McCabe’s cyclomatic complexity and accounting fraud
The paper in which McCabe proposed what has become known as McCabe’s cyclomatic complexity did not contain any references to source code measurements, it was a pure ego and bluster paper.
Fast forward 10 years and cyclomatic complexity, complexity metric, McCabe’s complexity…permutations of the three words+metrics… has become one of the two major magical omens of code quality/safety/reliability (Halstead’s is the other).
It’s not hard to show that McCabe’s complexity is a rather weak measure of program complexity (it’s about as useful as counting lines of code).
Just as it is possible to reduce the number of lines of code in a function (by putting all the code on one line), it’s possible to restructure existing code to reduce the value of McCabe’s complexity (which is measured for individual functions).

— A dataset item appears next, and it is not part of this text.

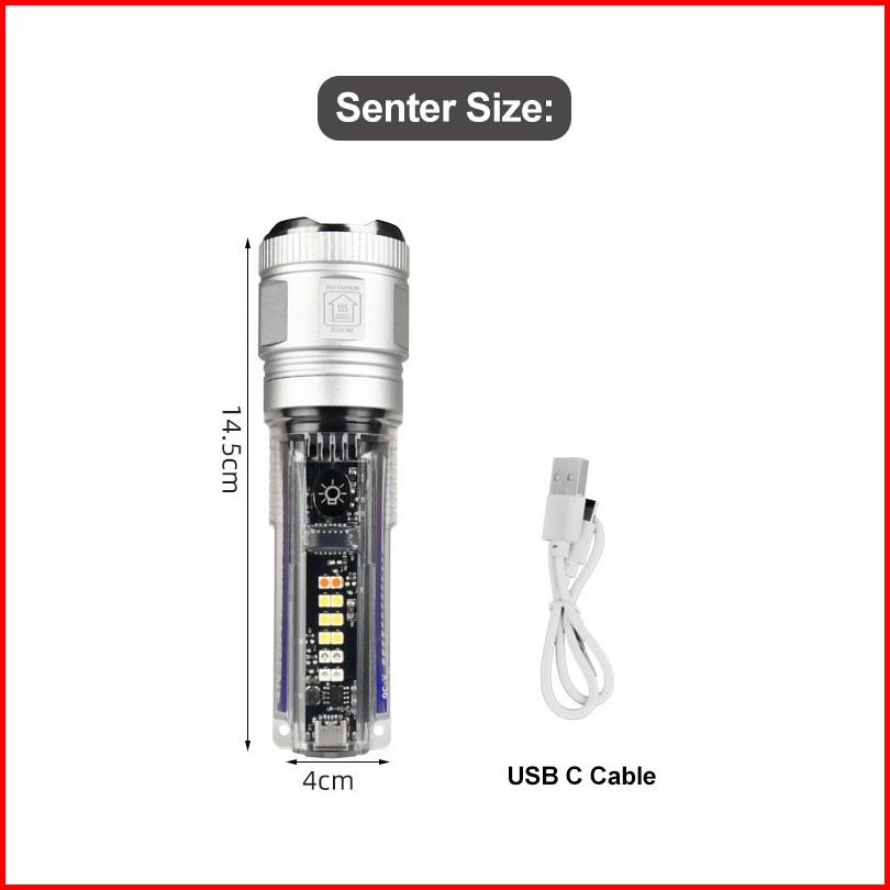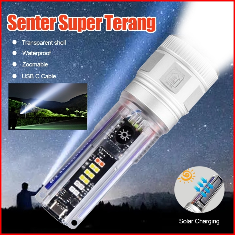 Anbolt X36 Senter Super Terang 100000 Lm Ori Anti Air Senter Laser Jarak Jauh Transparent Shell Zoom Senter Maghnet Mult

The value of McCabe’s complexity for the following function is 5 16, i.e., and there are 16 possible paths through the function:
int main(void) { if (W) a(); else b(); if (X) c(); else d(); if (Y) e(); else f(); if (Z) g(); else h(); } |
each if
…else
contains two paths and there are four in series, giving paths.
Restructuring the code, as below, removes the multiplication of paths caused by the sequence of if
…else
:
void a_b(void) {if (W) a(); else b();} void c_d(void) {if (X) c(); else d();} void e_f(void) {if (Y) e(); else f();} void g_h(void) {if (Z) g(); else h();} int main(void) { a_b(); c_d(); e_f(); g_h(); } |
reducing main
‘s McCabe complexity to 1 and the four new functions each have a McCabe complexity of two.
Where has the ‘missing’ complexity gone? It now ‘exists’ in the relationship between the functions, a relationship that is not included in the McCabe complexity calculation.
The number of paths that can be traversed, by a call to main
, has not changed (but the McCabe method for counting them now produces a different answer)
Various recommended practice documents suggest McCabe’s complexity as one of the metrics to consider (but don’t suggest any upper limit), while others go as far as to claim that it’s bad practice for functions to have a McCabe’s complexity above some value (e.g., 10) or that “Cyclomatic complexity may be considered a broad measure of soundness and confidence for a program“.
Consultants in the code quality/safety/security business need something to complain about, that is not too hard or expensive for the client to fix.
If a consultant suggested that you reduced the number of lines in a function by joining existing lines, to bring the count under some recommended limit, would you take them seriously?
What about, if a consultant highlighted a function that had an allegedly high McCabe’s complexity? Should what they say be taken seriously, or are they essentially encouraging developers to commit the software equivalent of accounting fraud?
Cyclomatic complexity is not the distinct number of paths through a function. For the example given, I compute 5 (not 16).
I would argue that you have increased complexity by splitting up the original function into multiple smaller functions, and one measure that shows that is the sum over all functions of cyclomatic complexity for each function. Whether that is good or bad depends on your perspective. The split increases overall unit test effort (bad), but may make each individual function easier to comprehend (good).
Switch statements aside, high cyclomatic complexity is a fair indicator of code that is hard to understand. Such code can sometimes be made more understandable by extracting portions into separate functions. That reduces cyclomatic complexity. Extracting portions into separate functions can be done well, or it can be done poorly, and cyclomatic complexity won’t tell you which is which.
I have successfully used a weighted combination of SLOC and cyclomatic complexity as a measure of how complex a function is. It was successful in the sense that it pointed out real problems whilst having a much lower false-positive rate than either SLOC or cyclomatic complexity alone.
Michael
@Michael Tempest
Oops, thanks. Fixed.
I would agree that the code has been made more complicated (but I’m not sure how to measure complicated).
Cyclomatic complexity strongly correlates with lines of code and all the things said about functions containing lots of lines can also be said about cyclomatic complexity. What code characteristics are unique to cyclomatic complexity? There might be sone, but I don’t know what they are.
Branches represent decision points, so one would think they have higher information content than other kinds of lines. Higher information content implies greater cognitive effort to understand. But turning this into a reproducible formula remains elusive.